Фирма «Уолтер Пенри и помощники, инк.» оперировала на грани закона, впрочем, никогда не переходя ее, поскольку Уолтер Пенри нутром чуял, где кончается закон и начинается беззаконие. Не зря же он защитил диплом по данному предмету в университете Айовы в тысяча девятьсот сорок третьем году. Впрочем, сразу применить полученные знания на практике ему не довелось, поскольку он поступил в ФБР, избежав тем самым тягот армейской жизни и получив возможность честно послужить стране, получая за это приличное вознаграждение.
В пятьдесят четвертом году Пенри вышел в отставку с безупречным послужным списком. Своим начальникам он заявил, что хочет открыть собственное дело, но истинная причина состояла в другом: он занялся промышленным шпионажем для одной фирмы, производящей косметику, и за два месяца заработал больше, чем получил на службе за два года.
Используя эти деньги как стартовый капитал, Пенри создал компанию со штаб-квартирой в Вашингтоне и отделением в Лос-Анджелесе. Последнее поначалу располагалось в его квартире и состояло из одной сотрудницы: его жены. Теперь-то его домашний телефон не указывался в городском справочнике, но его жена по-прежнему снимала трубку со словами: «Уолтер Пенри и помощники».
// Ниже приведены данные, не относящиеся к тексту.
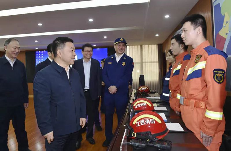 來(lái)到南昌市西湖區八一消防救援站,葉建春參觀(guān)車(chē)輛器材、救援裝備,了解隊伍建設、日常訓練、執勤戰備等情況,并與蹲守在萬(wàn)壽宮歷史文化街區、繩金塔及部分重點(diǎn)商場(chǎng)的消防救援人員視頻連線(xiàn),聽(tīng)取防火救援形勢匯報,要求牢記“對黨忠誠、紀律嚴明、赴湯蹈火、竭誠為民”訓詞,強化安全宣傳教育,提高處突救援能力,盡心盡力守護好人民群眾生命財產(chǎn)安全。

Пенри с самого начала знал, чем он намерен заниматься. Различным организациям приходилось совершать малоприятные деяния, и Пенри дал понять, что он готов их выполнить, ежели возникнет такая необходимость. К примеру, как-то в феврале он провел целый день в Далласе, увольняя все руководство электронной фирмы, в то время как президент, основатель и владелец контрольного пакета акций этой фирмы сыграл труса, загорая на пляже в Сапфир-Бич.
Не чурался Пенри и мира политики, работая на обе партии. Тут его сферой являлись расследования, позволяющие получить информацию, которая многим казалась давно утерянной. Его усилиями три потенциальных министра, два демократа и один республиканец, не были приведены к присяге. В другой раз он представил информацию, перекрывшую одному из кандидатов дорогу в Верховный суд.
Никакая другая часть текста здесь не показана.